Crossings is a two-player abstract strategy[?] board game invented by Robert Abbott[?]. The rules were published in Sid Sackson's A Gamut of Games. Crossings eventually evolved into the game called Epaminondas, but its rules are different enough to make the gameplay significantly different than that in Epaminondas.

Crossings is played on an 8x8 board, with an initial setup as follows; number signs are black stones, zeroes are white stones, and periods are empty spaces:

 ########
 ########
 ........
 ........
 ........
 ........
 00000000
 00000000

White begins the game, and after that play alternates, one move per player.
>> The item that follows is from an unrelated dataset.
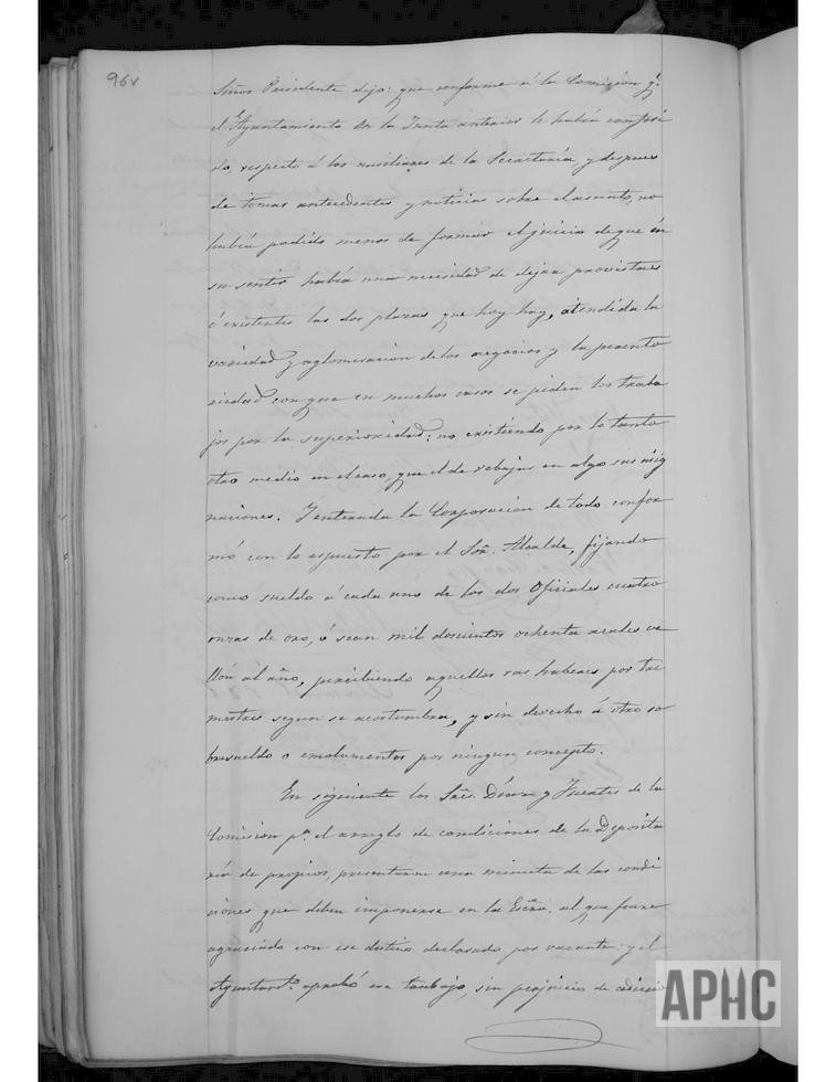 Ante la escasez de fondos municipales, y por lo tratado en sesión, se acordó fijar el sueldo de cada uno de los dos Oficiales de Secretaría, en 4 onzas de oro, o sea 1.280 reales vellón al año, percibiendo sus haberes por trimestres, según se acostumbra y sin derecho a ninguna otra precepción por ningún concepto. Previa solicitud para el cargo, se nombró Guardas de Montes de Cierzo y Argenzón a Mónico Crespo, Santiago Murga, Manuel Jiménez Sanz, Santiago Arellano, Saturio Delgado y José Monreal Guillorme. Atendiendo comunicación de la Junta de Agricultura, se realizó el nombramiento de Alcalde de Aguas, Alamines y Regadores para los distintos términos.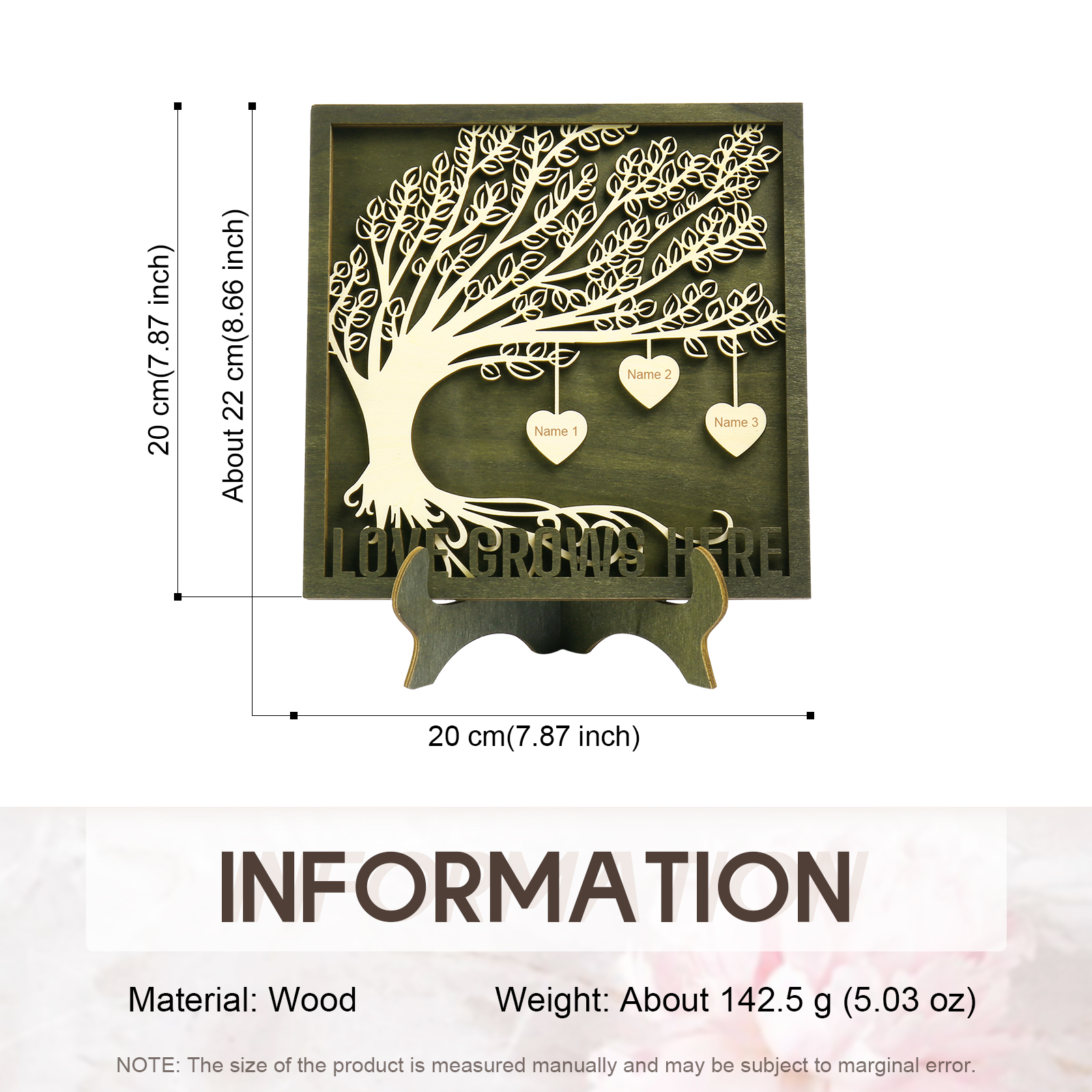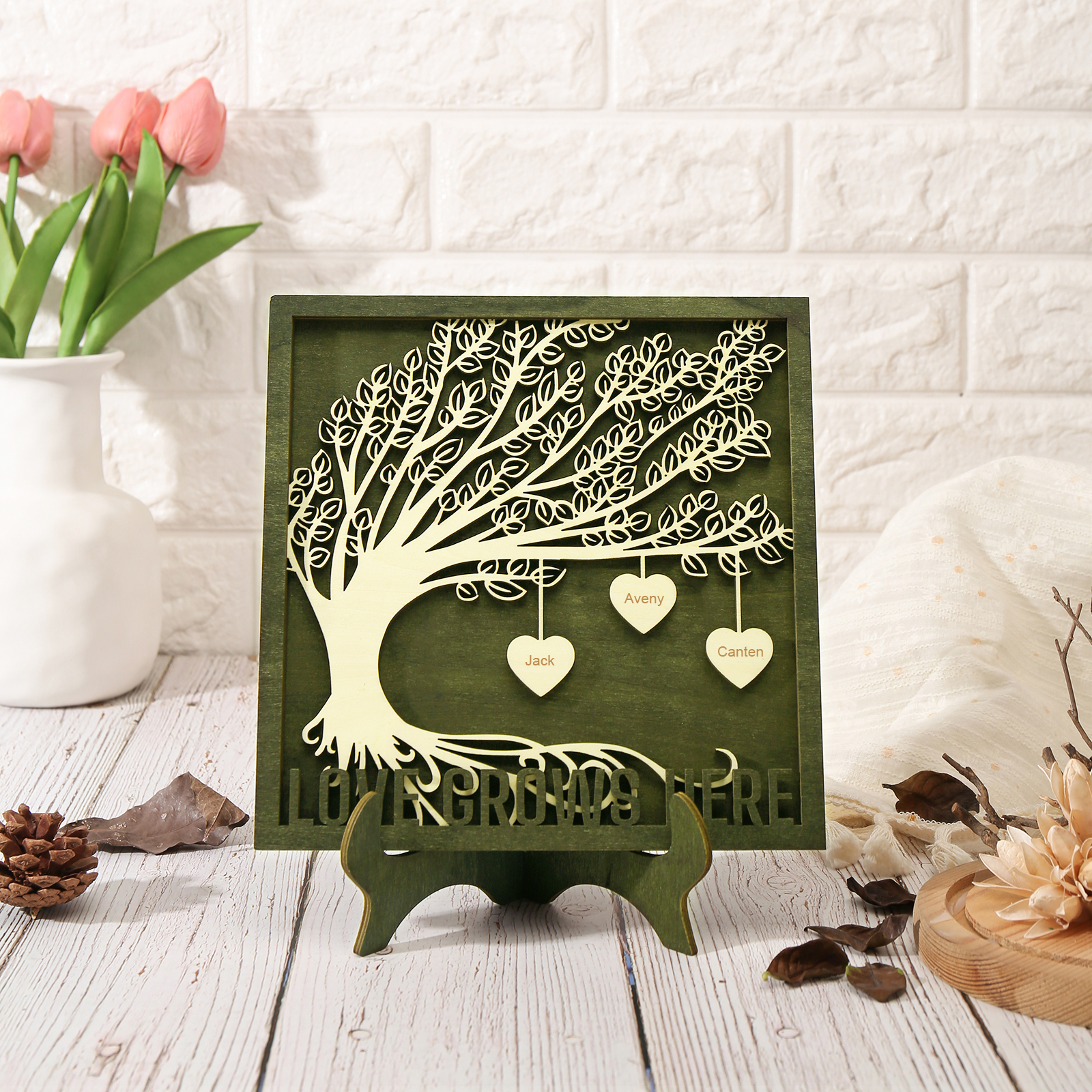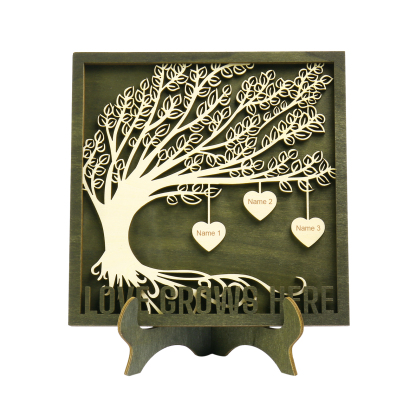 3 Names - Customized Framily Tree Type Wooden Ornaments Decorations Text Love Grows Here

In Crossings, a group is a series of same-colour stones adjacent to one another in a line, whether horizontal or vertical or diagonal. Single stones can be considered a one-element group, but the rules in A Gamut of Games treat them separately. Note that a given stone may belong to one or more groups.

Play is as follows:

  • On their turn, a player may move a single stone, an entire group, or part of a group.
  • If a single stone is moved, it may move one space horizontally, vertically, or diagonally; its destination must be empty.
  • If a group is moved, it must move along the line which defines it; it may move a number of spaces equal to the number of pieces in the group.
  • If a part of a group is moved, it must move along the line which defines it; it may move a number of spaces equal to the number of pieces in the subgroup.
  • Pieces may not move across or over each other. When a part of a group is moved, it must be one of the two ends.
  • If the first stone in a moving group encounters a singleton stone of their oponent, the group's movement stops there, and the opponent's stone is captured.
  • If the first stone in a moving group encounters the "front" stone of an opponent's group, it can capture it if and only if the opponent's group is smaller. It can only capture the first stone, and the movement of the group stops there. If it cannot capture the stone due to the opponent's group being the same size or larger, it is not allowed to move that far.

A player potentially wins the game if they get a stone on the home row, or row farthest from their side. If their opponent cannot get a stone of their own onto the first player's home row in their next move, the first player wins. Otherwise those stones are "locked"; they cannot be moved or captured. The next attempt at crossing, as this is called, will determine the winner (unless it, too, is immediately followed by a counter-crossing, and so on.)

Note that the game may suffer from the same symmetric issues as Epaminondas, and can result in a tie if, somehow, all eight home-row spaces on both sides hold the result of crossings and counter-crossings. This is undoubtedly extremely rare in actual play, however.